Stored records
· · · ·
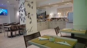 4月29日(日曜日) 朝食は地下1階。とても綺麗なダイニングルームです。 ここのビジネスホテル、部屋は狭いですが、ミラノ中央駅からすぐで立地も良く、綺麗で、設備もいいので、出張には最適ですよ。 |
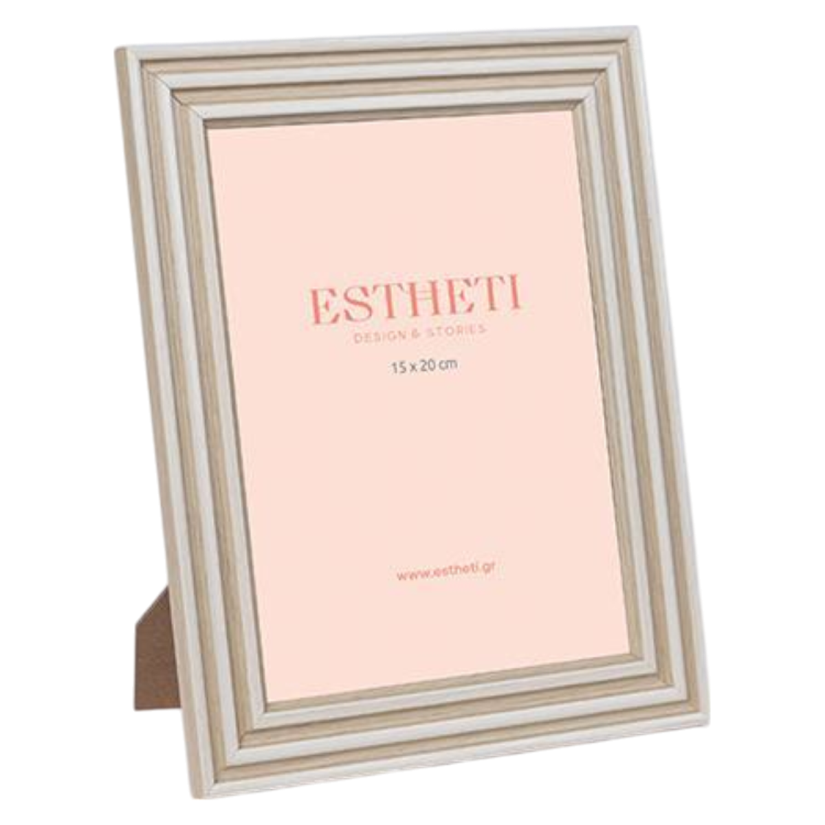 Barna színű képkeret fehér csíkozással, amely elegáns és otthonos megjelenést biztosít bármely helyiségben.Egy darab, 15x20cm méretű kép belehelyezésére alkalmas. A műanyagból készült keret nem igényel összeszerelést, azonnal használható.
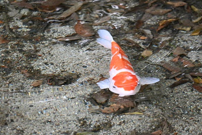 群れずに一匹だけ舟蔵跡を泳ぐ赤ヘル鯉。
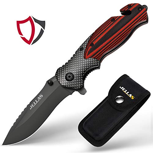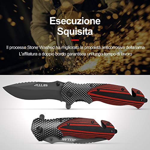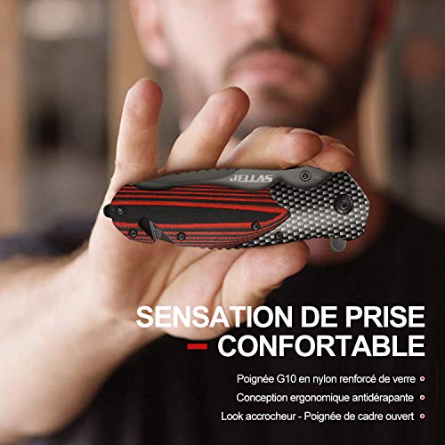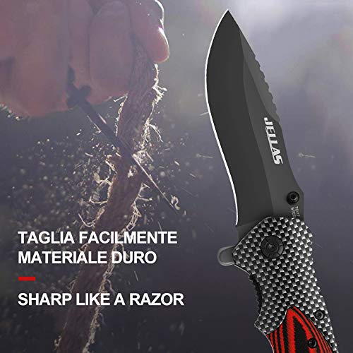 Jellas Coltello Pieghevole, 7Cr17 Coltello Soccorso Portatile di Sopravvivenza per Caccia, Campeggio attività all'Aperto Multiuso, Lama in Acciaio Inossidabile e Maniglia in Alluminio + G10
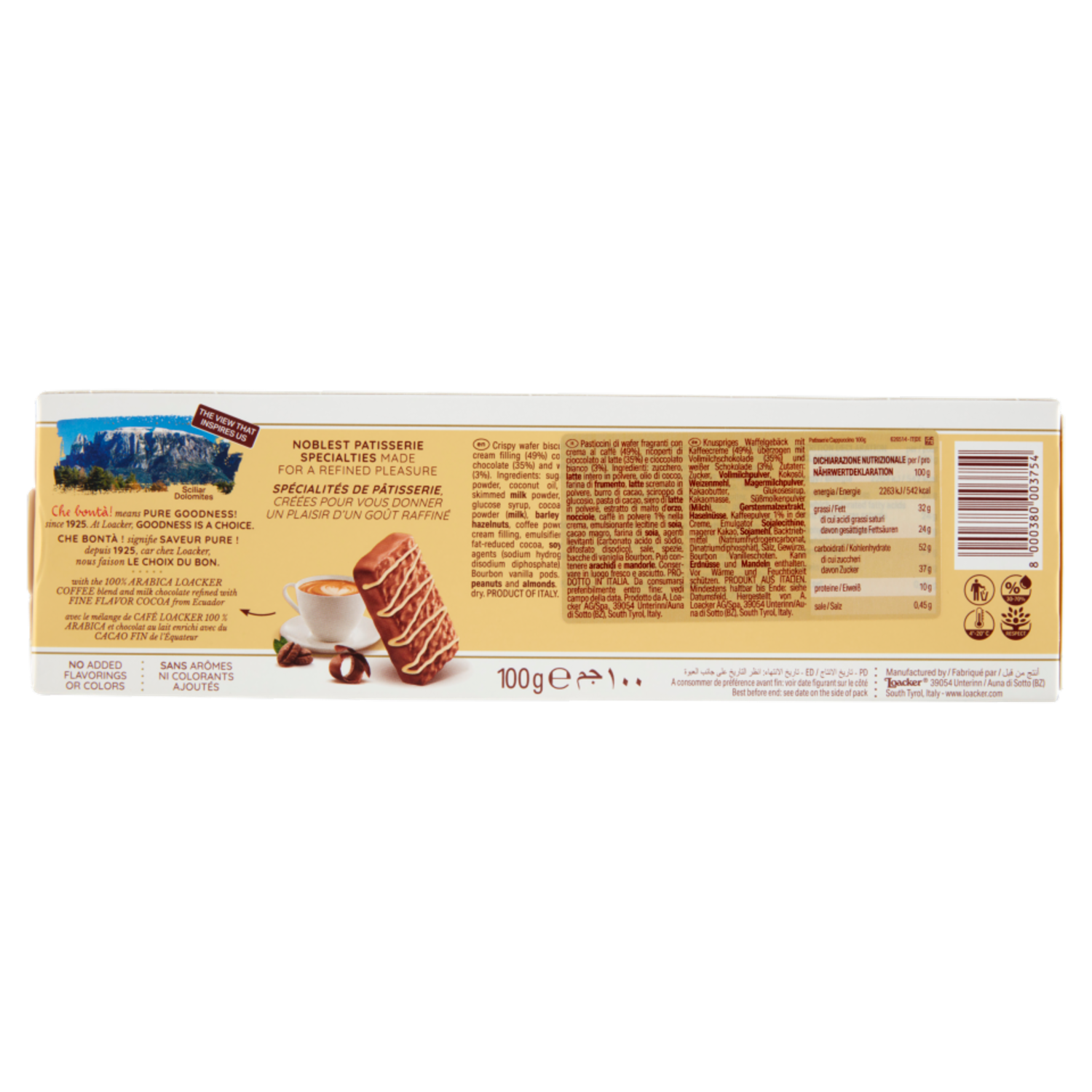 Pasticcini di wafer fragranti con crema al caffè (49%), ricoperti di cioccolato al latte (35%) e cioccolato bianco (3%)
· · · ·
### What is required
Using the records above, copy exactly and only the lines from the line with "群れずに一匹だけ舟蔵跡を泳ぐ赤ヘル鯉。" through the end, both included; leave every picture out.

### Finished task
 群れずに一匹だけ舟蔵跡を泳ぐ赤ヘル鯉。
 Jellas Coltello Pieghevole, 7Cr17 Coltello Soccorso Portatile di Sopravvivenza per Caccia, Campeggio attività all'Aperto Multiuso, Lama in Acciaio Inossidabile e Maniglia in Alluminio + G10
 Pasticcini di wafer fragranti con crema al caffè (49%), ricoperti di cioccolato al latte (35%) e cioccolato bianco (3%)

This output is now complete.